È stato da un incontro fortuito che è nato il mio incarico per lo spettacolo, anzi del dramma religioso, tra il segretario del vescovo padre Massimiliano Parisi che ha espresso il piacere, il desiderio che la nostra compagnia e i produttori con cui collaboro da tempo, il dott. Luciano Cadotti e il dott. Ninni Trischitta, realizzasse uno spettacolo su S. Agata. Sono stati loro che mi hanno detto: “Sappi che farai uno spettacolo su S. Agata”. È andata proprio così. Mi sono ritrovato felice e impaurito con tanto tremore, come ho già ribadito, dovevo confrontarmi con un universo dove ciascun catanese si ritiene possessore della verità assoluta. Il segretario mi ha messo in mano gli Atti del Martirio e col commentario di padre Consoli, a quello mi sono attenuto in maniera rigorosa.

Abbiamo quasi tutti una vaga idea della storia di S. Agata di come ce l’hanno raccontata, di come è stata tramandata: tu hai scoperto qualcosa?

Ho scoperto chiuso all’interno della biblioteca centrale a Roma a Castro Pretorio che esiste sulla figura di S. Agata una letteratura incommensurabile!
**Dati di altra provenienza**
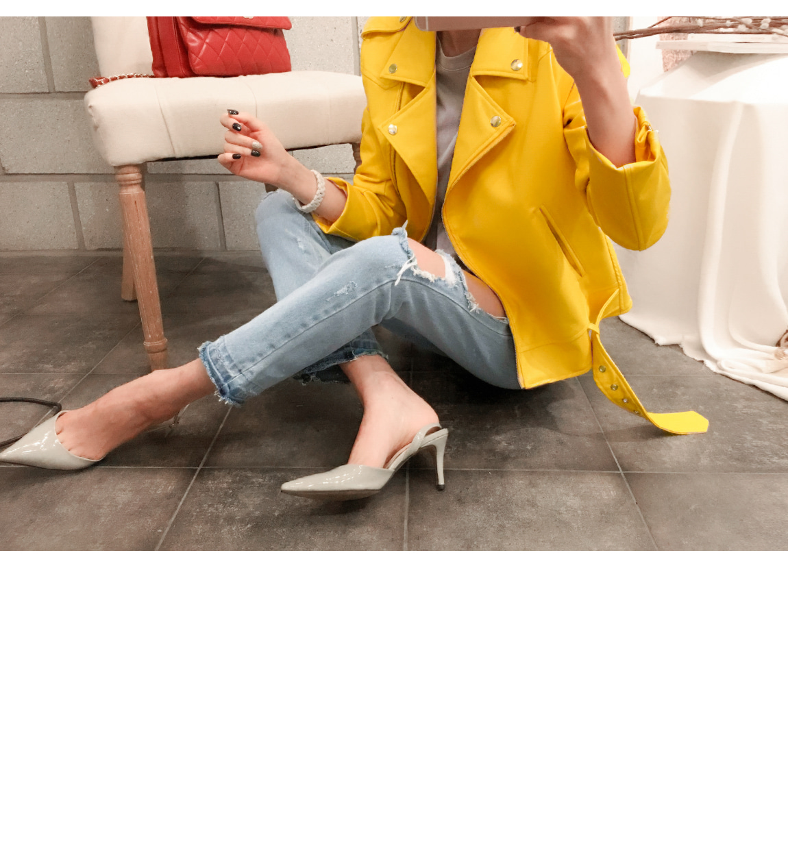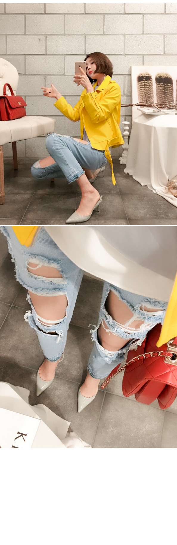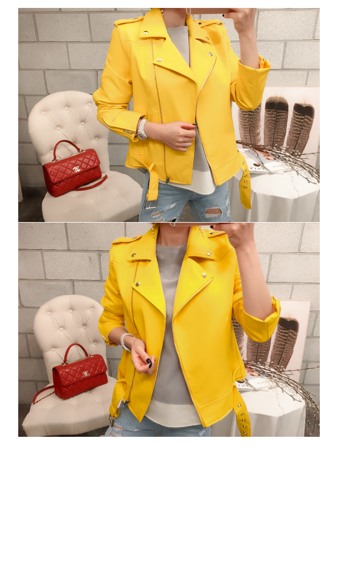 밑단의 벨트 디테일로 유니크한 포인트를 주었어요

E mi ha sorpreso che oltre agli italiani, i francesi, i tedeschi, gli inglesi, gli statunitensi, i canadesi, i nordafricani hanno scritto su di Lei. Cosa fosse vero e cosa fosse falso? Valicando tutti i confini dove ogni storia si presta alla venerazione e alla mistificazione e la stragrande maggioranza di informazioni o non è vera o non è verificabile. Ciò che resta è poco e soprattutto poco teatrabile. Un meraviglioso studio canadese sul nome Agata interessantissimo ma senza alcuna valenza teatrale. Gli Atti del Martirio sono come un dispositivo di una sentenza: sarà pure interessante, sarà certificato, ma resta comunque un atto sterile. Ricavarne un dramma non è stato facile, per chi come me non si è mai occupato di drammi sacri, in Italia esiste un Istituto per il Dramma Sacro con degli specialisti. Ho cercato di costruire alla maniera del teatro classico un percorso che si snodasse su due fronti: gli Atti del Martirio e la chiesa catanese le autorità civili e i vertici inglesi durante il periodo della liberazione quando le truppe alleate sono entrate a Catania. In epoche incrociate durante il 1943 e il 251 d.c. si snoda l’ora del nostro spettacolo.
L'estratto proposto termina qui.